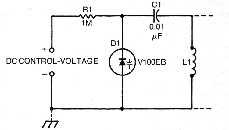 This configuration shows the simple way to use a varicap diode to tune an LC circuit. Capacitor C1 must be ceramic and the control voltage varies according to the characteristics of the varicap used. Common varicaps are those of the BB series like the BB809.
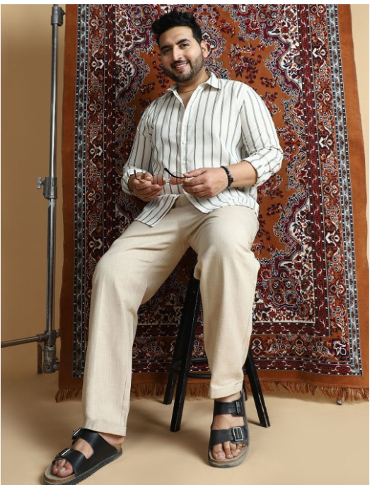 White and black vertical stripes striped opaque casual shirt ,has a mandarin collar, button placket, long roll-up sleeves, curved hem
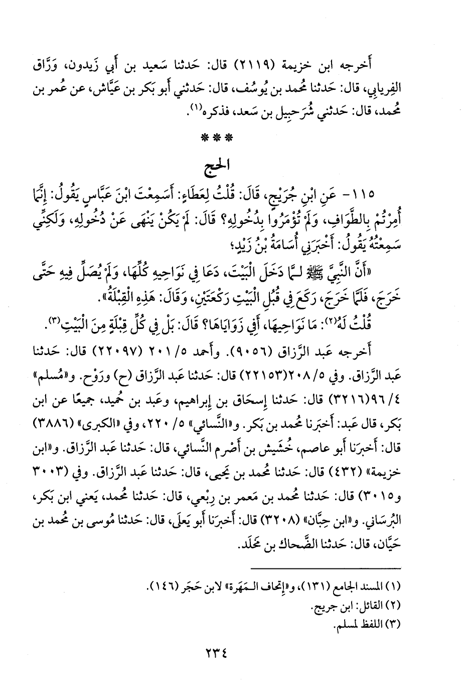 ١١٥ - عن ابن جُريج، قال: قلت لعطاء: أسمعت ابن عباس يقول: إنما أمرتم بالطواف، ولم تؤمروا بدخوله؟ قال: لم يكن ينهى عن دخوله، ولكني سمعته يقول: أخبرني أُسامة بن زيد؛
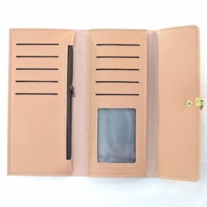 Confeccionada com o luxuoso material em PU, esta carteira não só agrega um toque sofisticado ao seu visual, mas também é resistente e durável, garantindo que você a desfrute por muitos e muitos momentos.
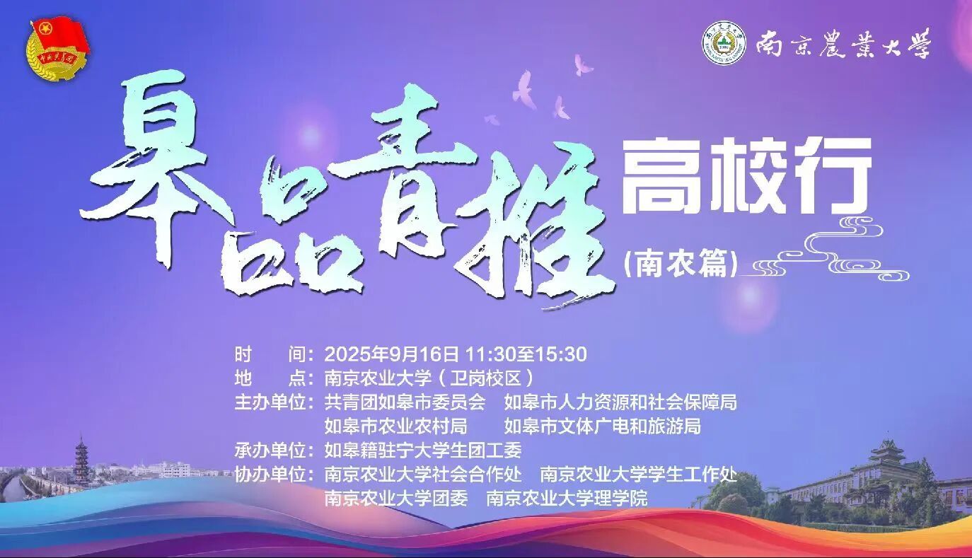 为深化校地合作、促进青年人才与地方文化交流,9月16日11:30至15:30,由买球体育官网协办的“皋品青推高校行”活动在卫岗校区举行,买球体育官网党委书记李日葵、副书记冯绪猛、如皋团市委书记吴杰、农业农村局副局长周杰、高迎旭、文体广电和旅游局副局长胡建峰、团市委副书记冒文宇、农业农村局人事科副科长唐晖及农业企业代表出席本次活动。
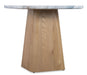 The Hudson Nesting Table offers a combination of natural oak wood and quartz stone. The base is complemented by the quartz stone top, which features natural shades. Its square pedestal design allows it to be used on its own or paired with the low nesting table from the same collection for added versatility and style.
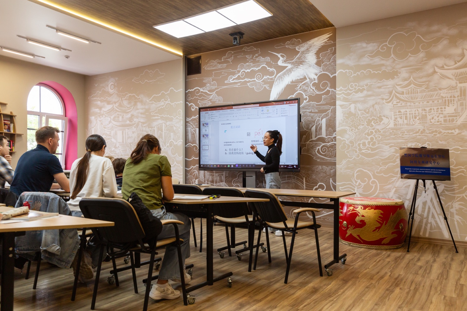 «Понять китайца» хотят все больше россиян. «Институты Конфуция — это центры по изучению китайского языка, созданные при вузах в разных городах. Наш — самый большой из них. В настоящий момент набрано 50 групп изучения китайского языка, — рассказывает Николай Кухаренко. — Часть из них мы открыли как дополнительные уже в сентябре, после объявления о безвизе в Китай число желающих учить китайский резко выросло. Сейчас у нас уже 750 слушателей на разных уровнях». В аудитории группа начинающих внимательно слушает преподавателя, этническую китаянку. Одни уверены, что китайский пригодится им в бизнесе, другие надеются применить его в путешествиях.

## Work instruction
Reprint the whole listing verbatim except for the pictures.

## Answer box
 This configuration shows the simple way to use a varicap diode to tune an LC circuit. Capacitor C1 must be ceramic and the control voltage varies according to the characteristics of the varicap used. Common varicaps are those of the BB series like the BB809.
 White and black vertical stripes striped opaque casual shirt ,has a mandarin collar, button placket, long roll-up sleeves, curved hem
 ١١٥ - عن ابن جُريج، قال: قلت لعطاء: أسمعت ابن عباس يقول: إنما أمرتم بالطواف، ولم تؤمروا بدخوله؟ قال: لم يكن ينهى عن دخوله، ولكني سمعته يقول: أخبرني أُسامة بن زيد؛
 Confeccionada com o luxuoso material em PU, esta carteira não só agrega um toque sofisticado ao seu visual, mas também é resistente e durável, garantindo que você a desfrute por muitos e muitos momentos.
 为深化校地合作、促进青年人才与地方文化交流,9月16日11:30至15:30,由买球体育官网协办的“皋品青推高校行”活动在卫岗校区举行,买球体育官网党委书记李日葵、副书记冯绪猛、如皋团市委书记吴杰、农业农村局副局长周杰、高迎旭、文体广电和旅游局副局长胡建峰、团市委副书记冒文宇、农业农村局人事科副科长唐晖及农业企业代表出席本次活动。
 The Hudson Nesting Table offers a combination of natural oak wood and quartz stone. The base is complemented by the quartz stone top, which features natural shades. Its square pedestal design allows it to be used on its own or paired with the low nesting table from the same collection for added versatility and style.
 «Понять китайца» хотят все больше россиян. «Институты Конфуция — это центры по изучению китайского языка, созданные при вузах в разных городах. Наш — самый большой из них. В настоящий момент набрано 50 групп изучения китайского языка, — рассказывает Николай Кухаренко. — Часть из них мы открыли как дополнительные уже в сентябре, после объявления о безвизе в Китай число желающих учить китайский резко выросло. Сейчас у нас уже 750 слушателей на разных уровнях». В аудитории группа начинающих внимательно слушает преподавателя, этническую китаянку. Одни уверены, что китайский пригодится им в бизнесе, другие надеются применить его в путешествиях.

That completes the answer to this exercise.